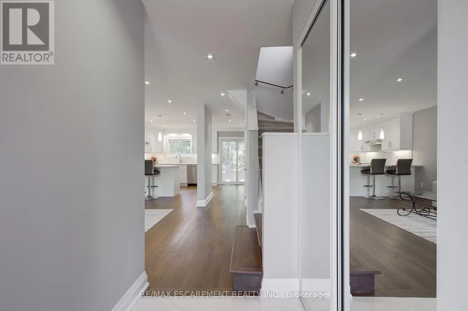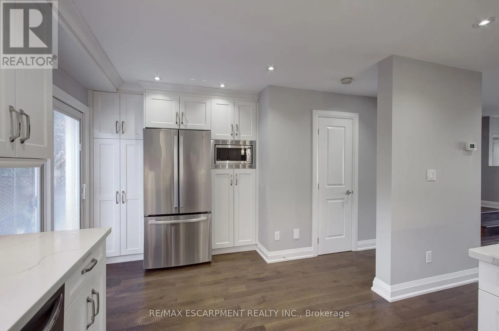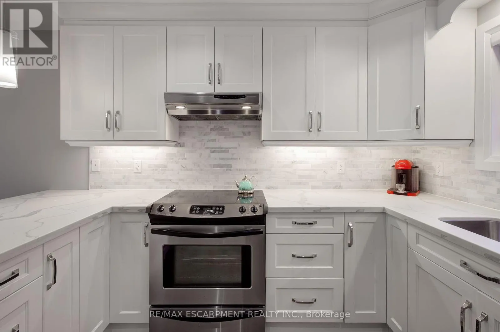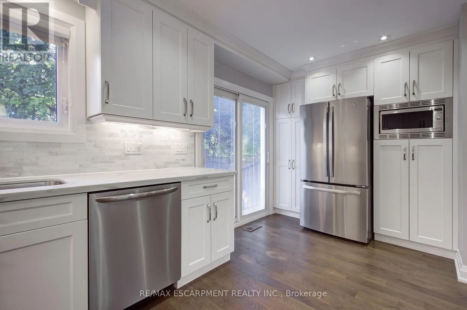 Cross Streets: Dundas/Towne. ** Directions: Towne/McDowell/Ross. Private Pie Shaped Lot on a Quiet Cul-de-Sac in Sought after River Oaks- This Open Concept Semi Detached Home backs onto Crosstown Trail just steps to Munns Creek- Thoughtfully Updated Main Level features rich Oak Floors, pot lights, Neutral Designer Paint Colours, Upgraded European White Kitchen with Quartz Counters, Breakfast Bar, Pendant & Undermount Lighting, Stainless Steel Appliances, Backsplash & Sliders to the Fenced, Mature Backyard- Custom Patio, Stone Water Feature and gate to the Nature Trail- Convenient 2 Piece Powder Room- Spacious Bedrooms, Updated 4 piece Bathroom- Finished Rec Room, Workshop with window & Potential to be a 4th Bedroom plus Coldroom/ Storage Area all complete the Lower Level- Oversized Driveway for 4 Cars- This in -demand North Oakville community features Top Rated Schools, the River Oaks Community Centre, Sixteen Mile Sports Complex, Nature Trails, shopping, restaurants, transit, plus easy access to all major highways (id:27476)
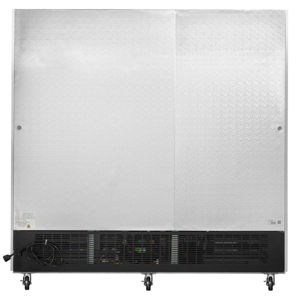 - Self-closing triple door commercial freezer holds 72 cu. ft.
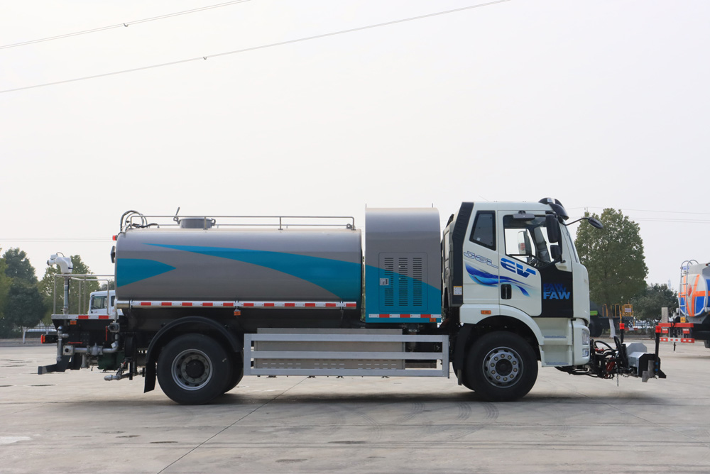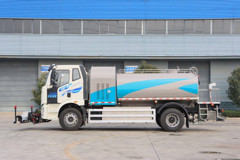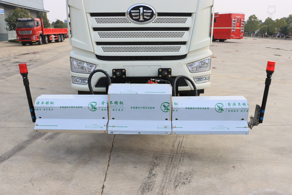 四、其他說明: 解放純電動高壓清洗車是新能源高壓清洗專用車輛,該車型選用解放純電動底盤改裝,具有噪聲低、能耗低、易操作、無排放污染等特點(diǎn)。整車作業(yè)效率高,工況時間長,造型時尚,技術(shù)達(dá)到國內(nèi)領(lǐng)先水平。高低壓水泵均采用電機(jī)驅(qū)動,沖洗壓力無極可調(diào),實(shí)現(xiàn)提升效率、節(jié)能降耗、綠色環(huán)保的要求.● 配備前置高壓清洗,通過左右角度及位置調(diào)節(jié)實(shí)現(xiàn)高效清洗。
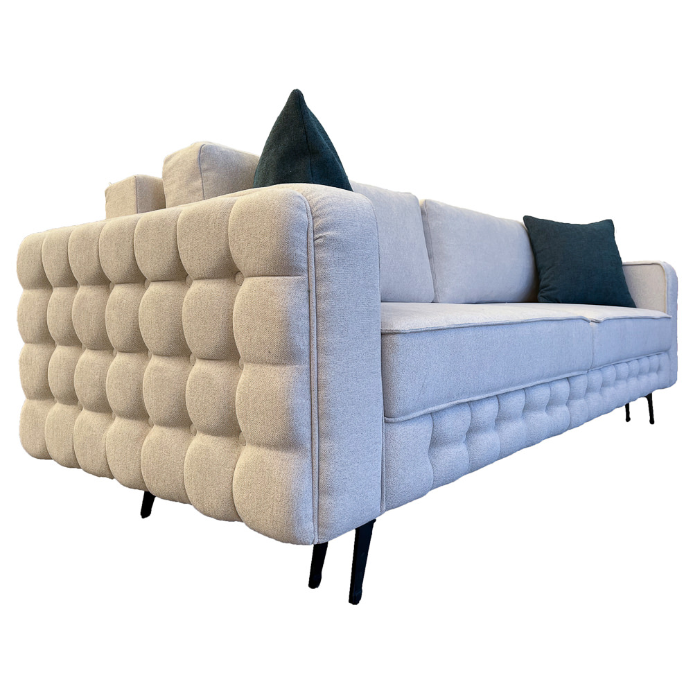 Canapeaua are un cadru solid, care iti asigura stabilitate si rezistenta. Tapitata cu stofa de calitate superioara, canapeaua asigura o durabilitate mare si un confort sporit. Este locul perfect pentru a viziona un film, pentru a citi o carte sau pur si simplu pentru a va relaxa. Produsul se livreaza demontat, ambalat in carton si folie. Produs fabricat in Romania.

▸ Work item: When you return the listing, keep it exact and omit any pictures it holds.

▸ Your solution:
 Cross Streets: Dundas/Towne. ** Directions: Towne/McDowell/Ross. Private Pie Shaped Lot on a Quiet Cul-de-Sac in Sought after River Oaks- This Open Concept Semi Detached Home backs onto Crosstown Trail just steps to Munns Creek- Thoughtfully Updated Main Level features rich Oak Floors, pot lights, Neutral Designer Paint Colours, Upgraded European White Kitchen with Quartz Counters, Breakfast Bar, Pendant & Undermount Lighting, Stainless Steel Appliances, Backsplash & Sliders to the Fenced, Mature Backyard- Custom Patio, Stone Water Feature and gate to the Nature Trail- Convenient 2 Piece Powder Room- Spacious Bedrooms, Updated 4 piece Bathroom- Finished Rec Room, Workshop with window & Potential to be a 4th Bedroom plus Coldroom/ Storage Area all complete the Lower Level- Oversized Driveway for 4 Cars- This in -demand North Oakville community features Top Rated Schools, the River Oaks Community Centre, Sixteen Mile Sports Complex, Nature Trails, shopping, restaurants, transit, plus easy access to all major highways (id:27476)
 - Self-closing triple door commercial freezer holds 72 cu. ft.
 四、其他說明: 解放純電動高壓清洗車是新能源高壓清洗專用車輛,該車型選用解放純電動底盤改裝,具有噪聲低、能耗低、易操作、無排放污染等特點(diǎn)。整車作業(yè)效率高,工況時間長,造型時尚,技術(shù)達(dá)到國內(nèi)領(lǐng)先水平。高低壓水泵均采用電機(jī)驅(qū)動,沖洗壓力無極可調(diào),實(shí)現(xiàn)提升效率、節(jié)能降耗、綠色環(huán)保的要求.● 配備前置高壓清洗,通過左右角度及位置調(diào)節(jié)實(shí)現(xiàn)高效清洗。
 Canapeaua are un cadru solid, care iti asigura stabilitate si rezistenta. Tapitata cu stofa de calitate superioara, canapeaua asigura o durabilitate mare si un confort sporit. Este locul perfect pentru a viziona un film, pentru a citi o carte sau pur si simplu pentru a va relaxa. Produsul se livreaza demontat, ambalat in carton si folie. Produs fabricat in Romania.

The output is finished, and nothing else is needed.